Replacing human body parts that are primarily made of cartilage, such as joints, the trachea and the nose, is helped by the fact that cartilage does not require a blood supply to survive. Building organs that rely on blood is trickier - though University of Pennsylvania scientists have been making advances in this area.
In a study published last year in the journal Nature Materials, the scientists showed that 3-D printed templates of filament networks can be used to rapidly create vasculature and improve the function of engineered living tissues. Without a vascular system, which delivers nutrients while removing waste products, living cells on the inside of a 3-D body part cannot survive.
Building a vascular network is tricky because the layer-by-layer fabrication of 3-D printing creates structural seams between the layers, which could burst when fluid is pumped through them at high pressure - as in the body's blood vessels.
The researchers designed 3-D filament networks in the shape of a vascular system that sat inside a mould. The mould and the vascular template were removed once cells were added to form a solid gel tissue around the filaments.
To find the optimal material, the team tested different formulations using a simple material: sugar. Sugars are mechanically strong, so the printed 3-D network could be sufficiently rigid to support its own weight. In addition, the template could be easily dissolved and flow out of the gel construct, leaving a vascular architecture spread throughout the bioengineered tissue.
"The perfect cylinders we are moulding into engineered tissues are similar to those that make up human blood vasculature," says Dr Jordan Miller, the study's lead author.
To print the sugar network, the scientists modified a commercially available 3-D printer called RepRap to extrude molten sugar with high precision. Once the template was made, gels containing human cells were set around the sugar network to create tissue. The sugar was then dissolved, leaving a channel through which nutrient-rich media could be pumped to feed the cells inside.
The team created a piece of liver tissue using human liver cells. "Our 3-D culture technique is able to create tissues in physiologically relevant architectures and at normal cell densities - tens to hundreds of millions of cells per millilitre - which allows us to explore cellular behaviour in a way that more closely mimics how cells grow in the body," says Miller.
Armed with this new technology, Miller and his colleagues are studying future possibilities. "We are investigating using this technique for making large-scale engineered tissues containing tens of millions of cells," he says. "Liver tissue, heart tissue, and pancreatic tissue will continue to be areas for us to explore."

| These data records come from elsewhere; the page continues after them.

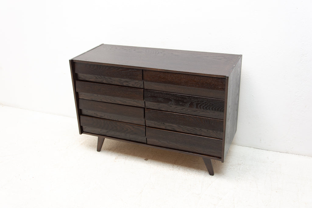 Mid century chest of drawers, model no. U-453, designed by Jiří Jiroutek for Interiér Praha. It was made in the former Czechoslovakia in the 1960´s. This model is associated with the world-famous EXPO 58 in Brussels. It´s made of oak wood and and plywood and drawers have plastic inner parts.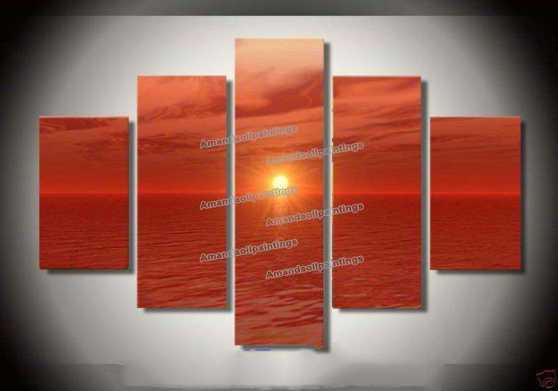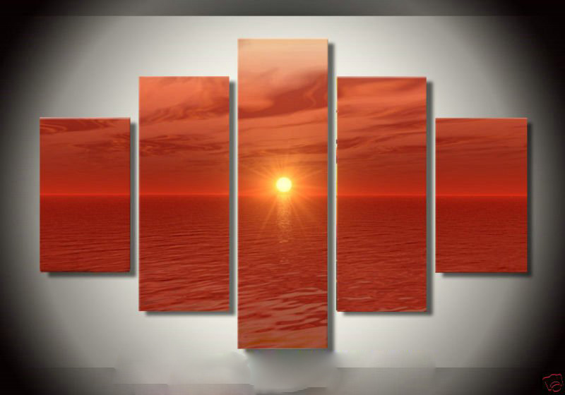Red Background Sea & Sun Subject Rectangle Shape Modern Oil Paintings |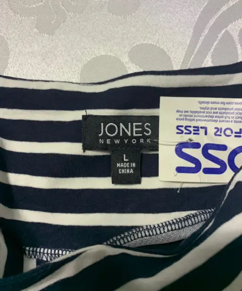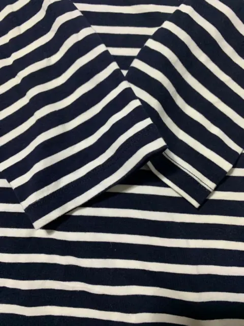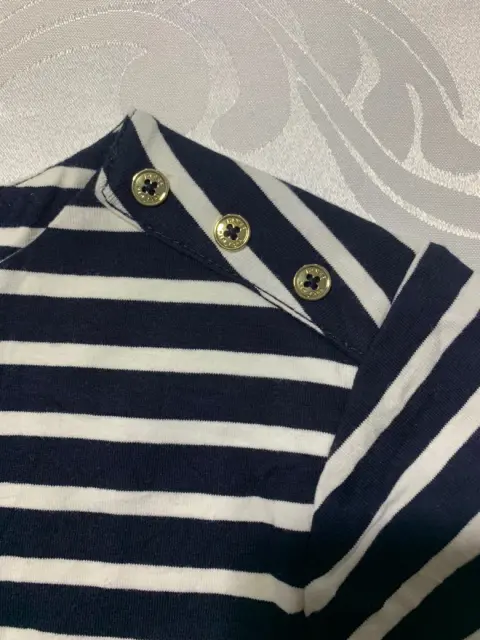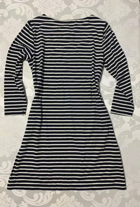Vestido Jones New York. Vestido con rayas horizontales, manga larga, cuello redondo, botones decorativos en un costado del hombro. Tela de algodón.Medidas/ busto: 52 cm, cintura: 53 cm, largo: 95 cm, largo de mangas: 55 cm
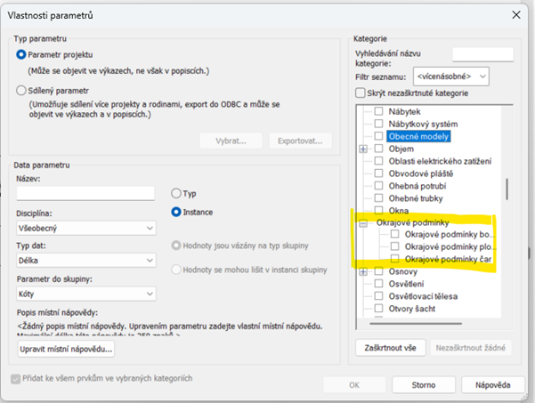 Byla přidána nová kategorie parametrů konstrukčních okrajových podmínek.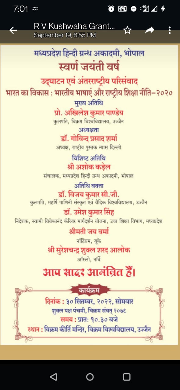 म प्र हिंदी ग्रंथ अकादमी, भोपाल स्वर्ण जयंती समापन समारोह एवं अंतर्राष्ट्रीय परिसंवाद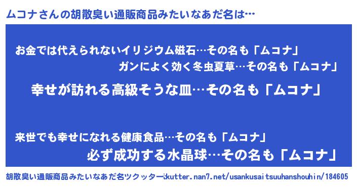 | 男性向けラノベタイトル風あだ名 | 『緋弾のムコナ』『ムコナの憂鬱』 |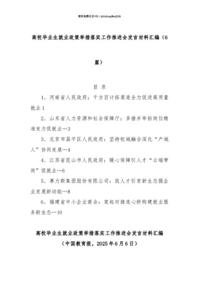 【七哥公文】2025年:【七哥公文】(6篇)高校毕业生就业政策举措落实工作推进会发言材料汇编+更多免费公文+VX:QiGeGongWen2024+更多免费公文+VX:QiGeGongWen2024
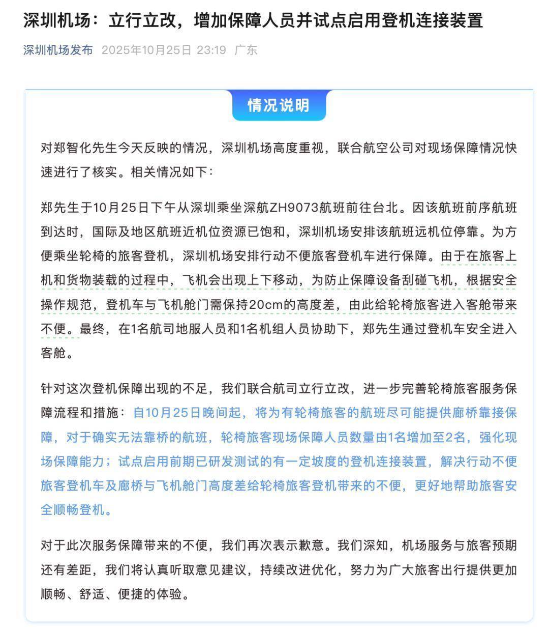 深圳机场表示,针对这次登机保障出现的不足,机场联合航司立行立改,进一步完善轮椅旅客服务保障流程和措施:自10月25日晚间起,将为有轮椅旅客的航班尽可能提供廊桥靠接保障,对于确实无法靠桥的航班,轮椅旅客现场保障人员数量由1名增加至2名,强化现场保障能力;试点启用前期已研发测试的有一定坡度的登机连接装置,解决行动不便旅客登机车及廊桥与飞机舱门高度差给轮椅旅客登机带来的不便,更好地帮助旅客安全顺畅登机。

"It takes half a day to design the mould, a day or so to print it, 30 minutes to inject the gel, and we can remove the ear 15 minutes later. We trim the ear and then let it culture for several days in nourishing cell culture media before it is implanted," says Professor Lawrence Bonassar, leader of the study.
The bioengineered ear replacement may be the solution reconstructive surgeons have long wished for to help children born with ear deformities, says co-lead author Dr Jason Spector. Microtia, a congenital deformity where the external ear is not developed, affects thousands of children each year. Many people also lose part or their entire ear in an accident or from cancer.
Three-dimensional printing technology is already generating revenue in two areas: dental fabrication of crowns, bridges, and implants; and prosthetics manufacturing.
Last month, an 83-year-old Belgian woman, whose chronic bone infection had destroyed her lower jaw, was able to eat and speak again with a 3-D printed prosthetic jaw made from 33 layers of titanium powder that were heated, fused together and then coated with bioceramic artificial bone.
The area of "bioprinting" - the 3-D printing of human organs for transplant - however, is still in its infancy. Bioprinters use a "bio-ink" made of living cell mixtures to build a 3-D structure of cells, layer by layer, to form tissue. This tissue is then developed into organs.
Liver tissue, heart tissue, and pancreatic tissue will continue to be areas for us to explore
Dr Jordan Miller, University of Pennsylvania
In 2011, a team led by Anthony Atala, at the Wake Forest Institute for Regenerative Medicine in the US, revealed the development of a technique to grow engineered urethras for several Mexican boys whose urethras were damaged in car accidents. The scientists took a sample of tissue from the boys and multiplied the cells in the lab before seeding them on a cylinder of biodegradable material. The resultant tube of tissue was transplanted into the boys' urinary systems.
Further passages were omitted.